Some major hotel wifi networks are real sieves
Researchers from security company Cylance have discovered that some internet gateways currently used by hotels and conference centres were real sieves. In fact, malicious users could easily launch various types of attack on customers accessing the wifi networks of these establishments, Le Monde Informatique reports. According to the researchers, the equipment concerned, which is used to manage visitor networks in both budget hotels and luxury hotels throughout the world are made by a company called ANTlabs. On several ANTLabs InnGate models the rsync service is wrongly configured: it listens on TCP port 873 and allows non-authenticated attackers full read-write access to the equipment’s file system.
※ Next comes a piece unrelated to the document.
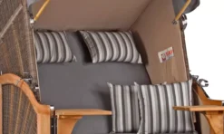 So stellt sich echtes Urlaubsfeeling auch zuhause im Garten ein: Ordern Sie einen Strandkorb aus echtem Teakholz. Unser Teak aus zertifiziertem, südostasiatischen Plantagenanbau brauchen Sie nicht zu pflegen. Die silbergraue Schutzschicht bildet sich unter Witterungseinfluss von selbst. Strandkörbe sind zeitlose Gartenmöbel an denen Sie lange Zeit Freude haben werden. Die Wechselpolster in unserem Volllieger sind mit strapazierfähigem, waschbarem Markisenstoff bezogen. Das Korbmaterial wird aus witterungs- und UV-beständigem PE-Geflecht hergestellt, die Beschläge aus Edelstahl. So stellen wir sicher, dass Ihr exklusives Prunkstück im Garten Sie viele Jahre begleiten wird. Lassen Sie sich von Ihrem Strandkorb verführen und träumen Sie im eigenen Garten vom Urlaub an der Nord- oder Ostsee!

Rsync is a utility used to synchronise the files and directories between Linux systems, and it thus comprises download and file copying functions. The tool takes charge of authentication and can be limited to specific directories. However, on the ANTLabs InnGate equipment concerned, it has been configured insecurely by default. “When an attacker gains full read and write access to a Linux file system, it’s trivial to then turn that into remote code execution”, Cylance researcher Brian Wallace states in a blog post. “The attacker could upload a backdoored version of nearly any executable on the system and then gain execution control, or simply add an additional user with root level access and a password known to the attacker. Once full file system access is obtained, the endpoint is at the mercy of the attacker.” Last Thursday ANTlabs supplied patches to repair the fault, which has the reference CVE-2015-0932. Patches are available for the following models: IG 3100 and 3101, InnGate 3.00 E-Series, 3.01 E-Series, 3.02 E-Series and 3.10 E-Series and InnGate 3.01 G-Series and 3.10 G-Series.
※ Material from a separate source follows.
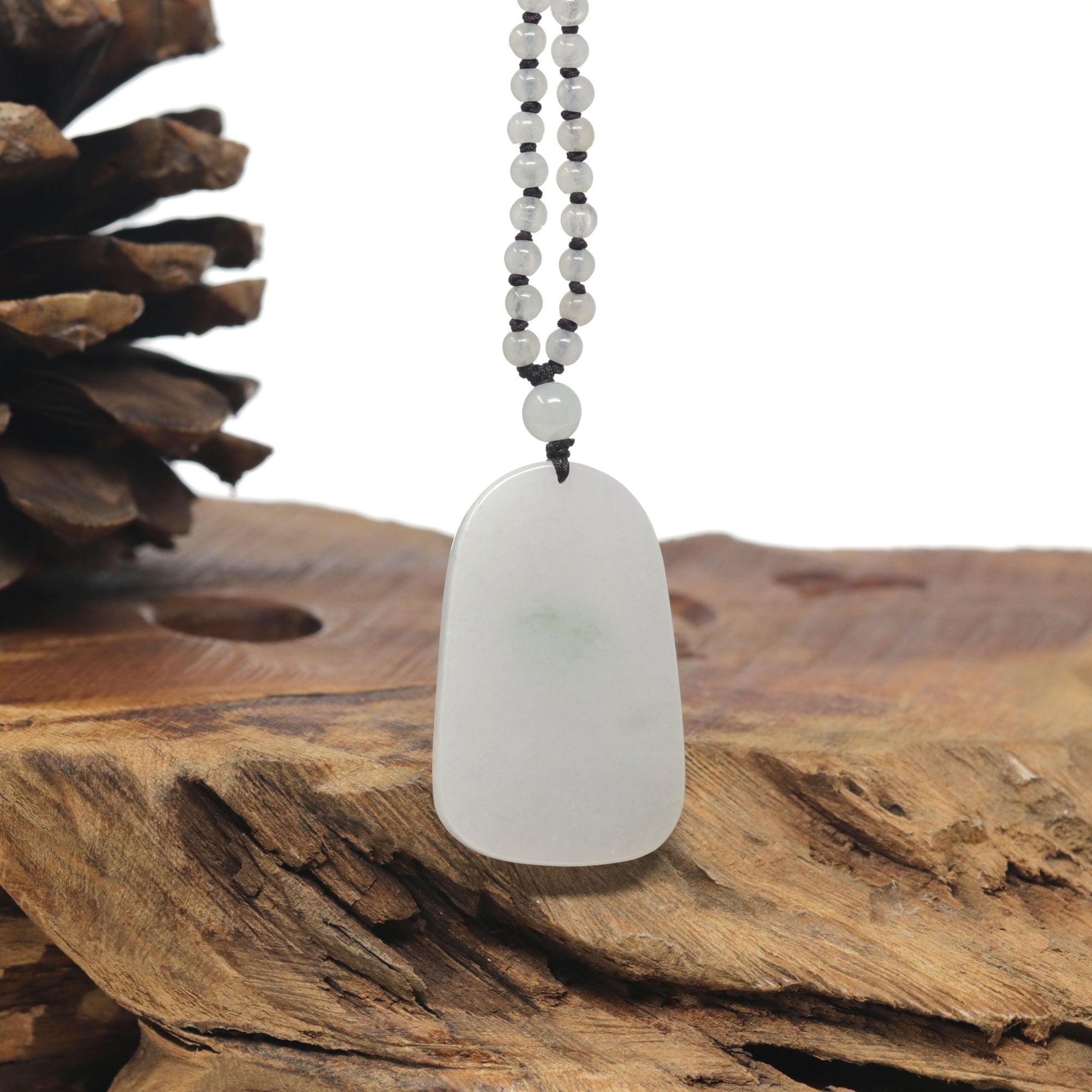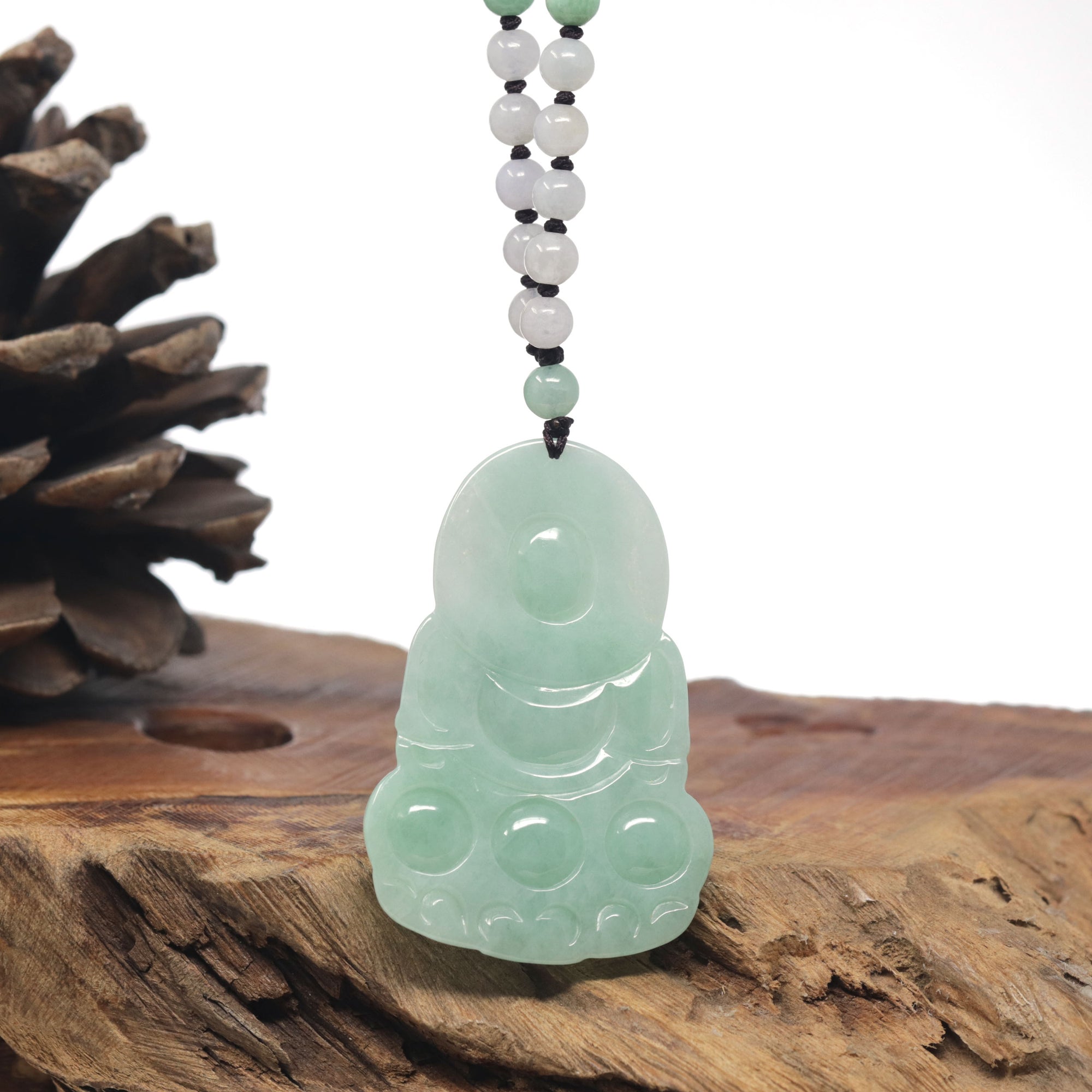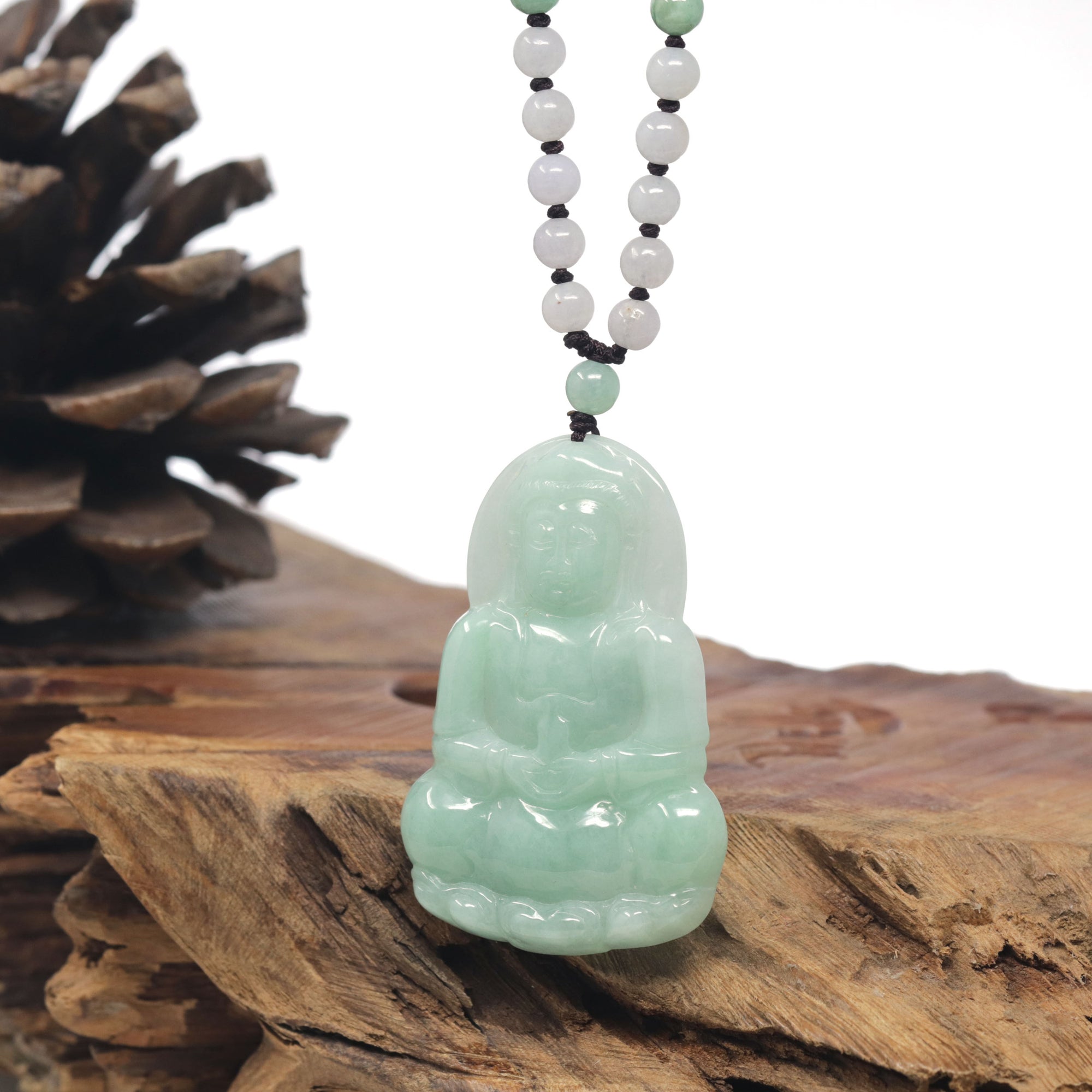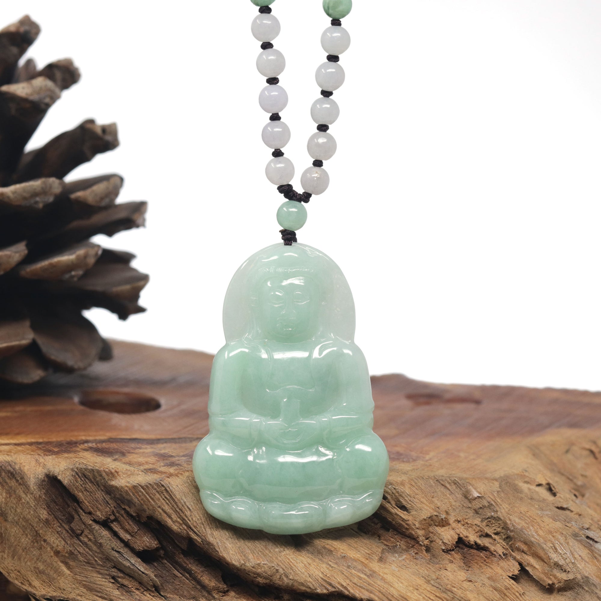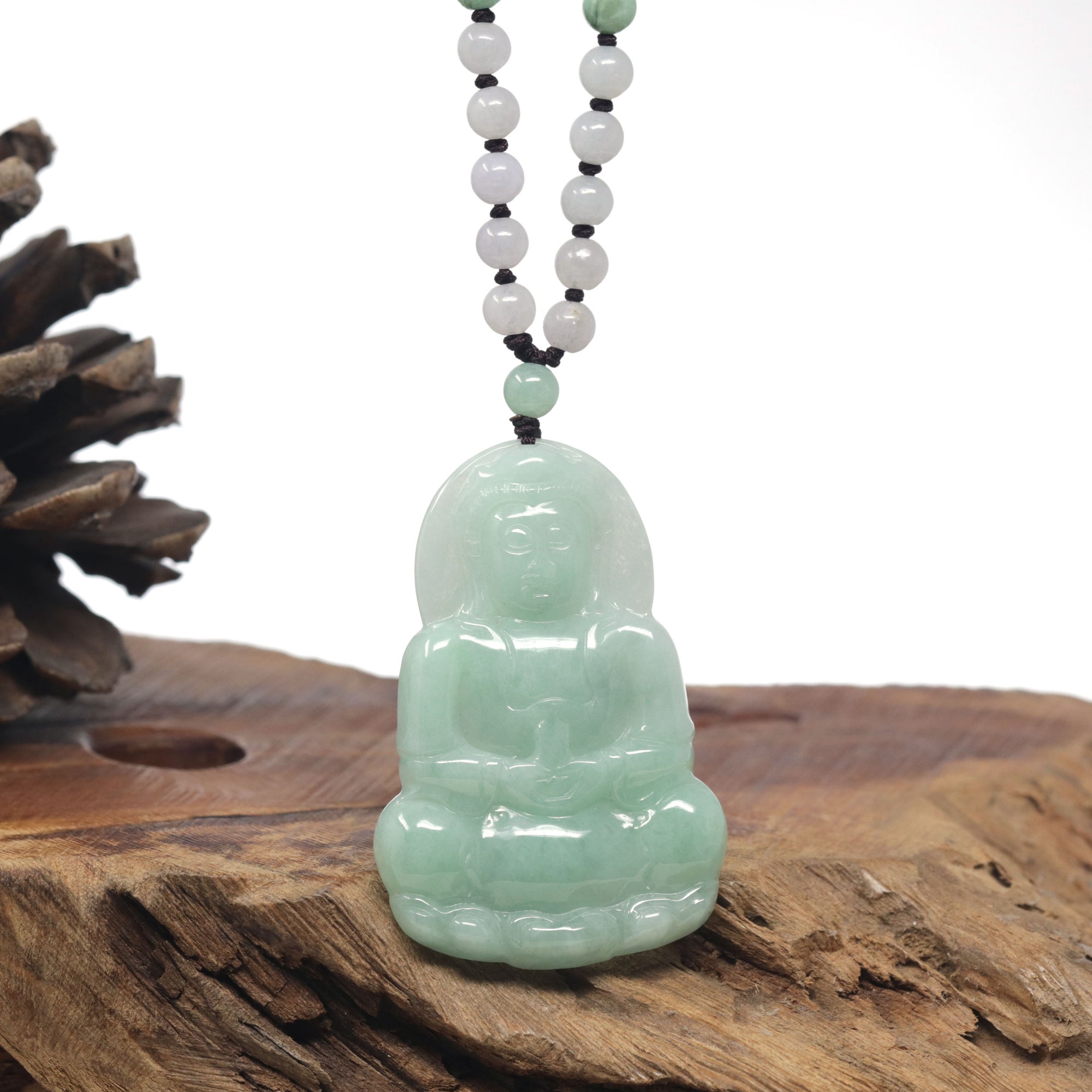 Baikalla Icy White & Green Guan Yin "Goddess of Compassion" Jadeite Jade Pendant W/ Beaded Necklace

The hotel’s activities are also compromised
Hotel networks are a good target for so-called hackers. In November 2014 Kaspersky Lab researchers warned of the activity of a group of cyber spies baptised DarkHotel. The group infiltrated the networks of several luxury hotels to target company bosses and entrepreneurs travelling in the Asia-Pacific region. The InnGate vulnerability could allow hackers to launch attacks against the wifi networks for use by hotel customers, like those carried out by the DarkHotel group. If this were so, the attackers could monitor traffic to steal sensitive information: they could replace the files that users were downloading from the internet on the fly with malicious files; they could eliminate SSL encryption or reduce security and much more. “Given the level of access that this vulnerability offers to attackers, there is seemingly no limit to what they could do”, Wallace writes.
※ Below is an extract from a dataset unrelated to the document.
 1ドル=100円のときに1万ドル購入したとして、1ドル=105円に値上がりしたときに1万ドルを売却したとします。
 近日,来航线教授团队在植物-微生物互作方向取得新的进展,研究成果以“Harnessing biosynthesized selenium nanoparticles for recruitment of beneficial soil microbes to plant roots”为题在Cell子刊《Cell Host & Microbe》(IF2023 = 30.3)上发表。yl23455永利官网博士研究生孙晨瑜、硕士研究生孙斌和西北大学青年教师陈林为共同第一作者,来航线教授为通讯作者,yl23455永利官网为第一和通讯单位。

In some instances the fault doesn’t only expose customers, but all of the hotel’s activities too. Cylance’s researchers mention environments in which InnGate equipment has been integrated into PMS systems used to manage several aspects of hotel operations, such as reservations, sales, planning, personnel, payroll, maintenance, inventory management and so on. Cylance has identified 277 InnGate items of equipment that can be attacked straight from the internet in 29 countries, with the greatest number of exposed gateways in the USA. “Listing those vulnerable devices at this time would be irresponsible and could result in a compromise of those networks,” Wallace stated. “Take it from us that this issue affects hotels brands all up and down the spectrum of cost, from places we’ve never heard of to places that cost more per night than most apartments cost to rent for a month.”